Figure 4 . Illustration. Precast deck panel for use with UHPC connections as deployed by the Oregon Department of Transportation (ODOT) on U.S. Route 30 near Huntington, OR.

UHPC Connections for Composite Action-Precast Deck Panel to Girder Details

The conventional detail to connect prefabricated deck panels to girders requires the use of shear studs or rebar extending from the girder into block-out pockets in the deck that are filled with grout to create a composite deck/beam structure. The placement of the block-out pockets may cause clearance challenges with rebar and other associated hardware (post tensioning, lifting lugs, leveling bolts, drainage assemblies, etc.) during panel fabrication. For certain bridge configurations, the large number of shear connectors required may result in congested or even unworkable block-out pocket configurations. Deck overlays, which require an additional construction activity, are typically installed over prefabricated deck panels to address concerns about water ingress through the cold joint between the precast panel and shear stud pocket. Overlays are also used to address the long-term performance and wearability concerns regarding conventional grout surfaces in direct contact with repeated wheel loadings.

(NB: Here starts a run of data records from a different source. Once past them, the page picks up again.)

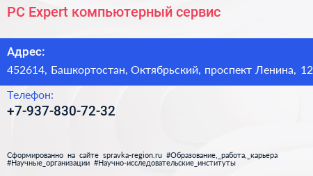 PC Expert, компьютерный сервис по адресу 452614, Башкортостан, Октябрьский, проспект Ленина, 12 в дальнейшем Организация, размещена в следующих категориях:
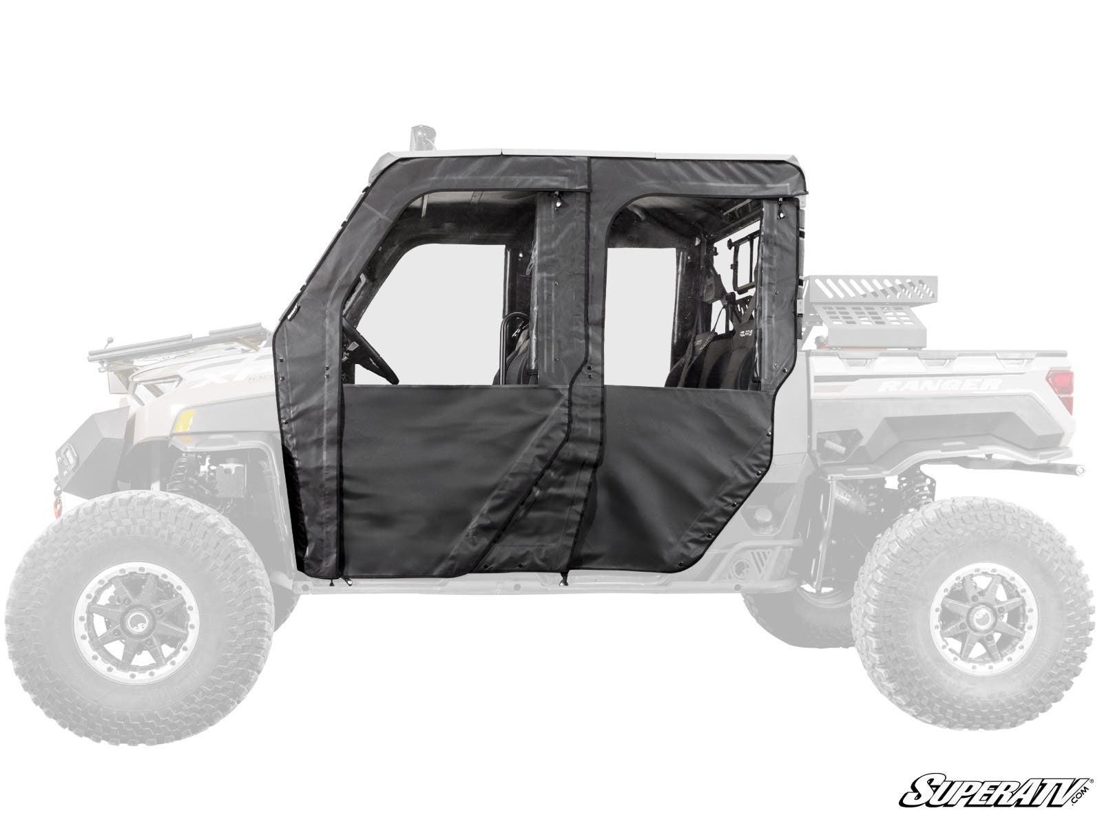 Part of a Full Cab Enclosure These doors are compatible with SuperATV's front and rear windshields and roofs so add them and make it a full cab enclosure. When your cab is sealed, you can ride through the worst weather and keep your crew comfortable.
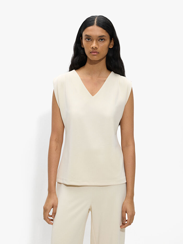 Pamuktan üretilmiş düz bluz. V yakalı. Kolsuz. Omuzlarda pileli detay. Model 1,77 m boyunda ve XS-S beden giyiyor.
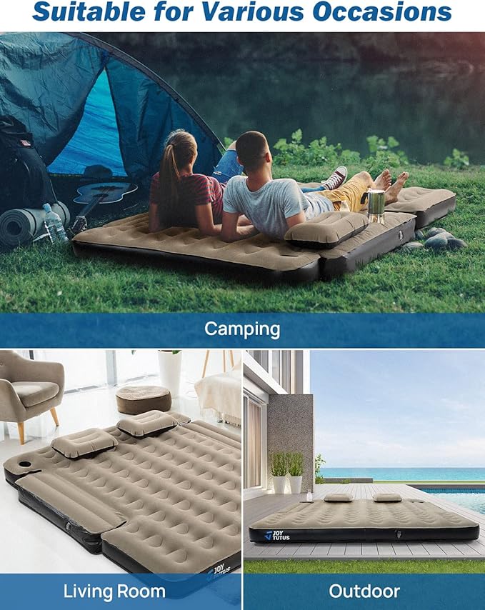 - 【Versatile Usage】: Ideal for various settings, this air mattress fits perfectly in tents, living rooms, courtyards, and truck beds. It's perfect for drive-in movie nights, overnight fishing trips, family road trips, movie marathons, self-driving adventures, and camping excursions.
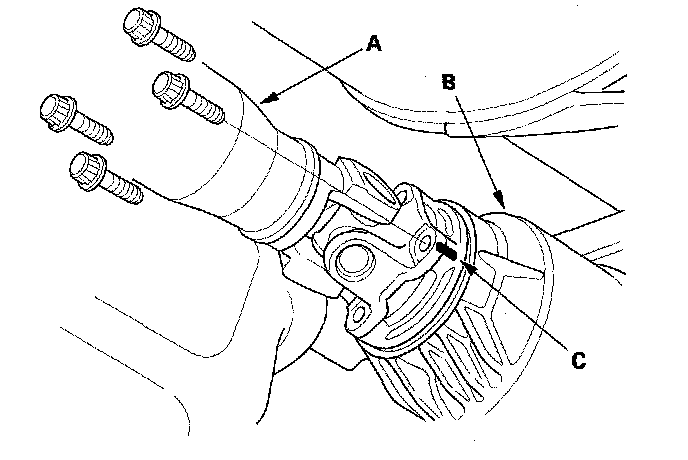 2. Mark the propeller shaft (A) and the companion flange of the rear differential assembly (B) so they can be reinstalled in their original positions (C).
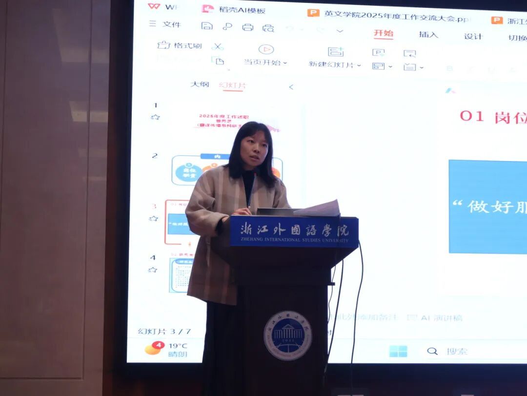 会上,外语教育系教学主管韩丹、科研主管刘懿,语言科学系教学兼科研主管郁伟伟,翻译传播系教学主管王晓露、科研主管曾芳芝,区域国别与商务英语系教学主管郭安琪,学术副经理兼区域国别与商务英语系科研主管赵歆,文学与创作系教学兼科研主管张静静依次交流了本系的年度工作情况。

Details that use UHPC can improve the conventional block-out pocket detail. Congestion issues associated with the rebar and hardware used in the prefabricated panel can be addressed through a reconfiguration of the conventional shear pocket concept. Elimination of a deck overlay can also become a viable option because of UHPC's good bonding ability to adjoining precast surfaces and the discontinuous pore structure that nearly eliminates liquid ingress. The thixotropic, self-consolidating properties allow UHPC to flow into tight spaces, thus offering the opportunity for a continuous, hidden connection detail that eliminates the conventional shear pocket detail altogether. UHPC also has the ability to improve internal stress distribution, thus enhancing the composite action between the prefabricated panel and supporting beam.

This connection concept has begun to be deployed in the U.S. bridge inventory in a series of bridges in New York State on roadways ranging from county routes to interstate highways. In each of these slab-on-stringer bridges, the height of the shear connectors remains below the bottom mat of deck panel rebar to simplify the deck panel installation. Inherent in this concept is the reliance on the UHPC to carry the tensile, compressive, and shear stresses between the deck and girder connectors.

One example of this connection detail is shown in figure 5. This detail was deployed on a series of interstate highway bridges near Syracuse, NY. The detail combines the panel-to-panel connection detail with the deck-to-girder connection detail into a single casting of field-cast UHPC connection that runs along the girder line.

This line drawing shows the fit-up and dimensions of the field-cast ultra-high performance concrete connection immediately above a steel girder. A longitudinal connection between adjacent precast concrete deck panels occurs above the girder along with a composite connection that attaches the deck to the girder.
Figure 5 . Illustration. Combined UHPC deck-level and composite connections as deployed by NYSDOT on I-81 near Syracuse, NY.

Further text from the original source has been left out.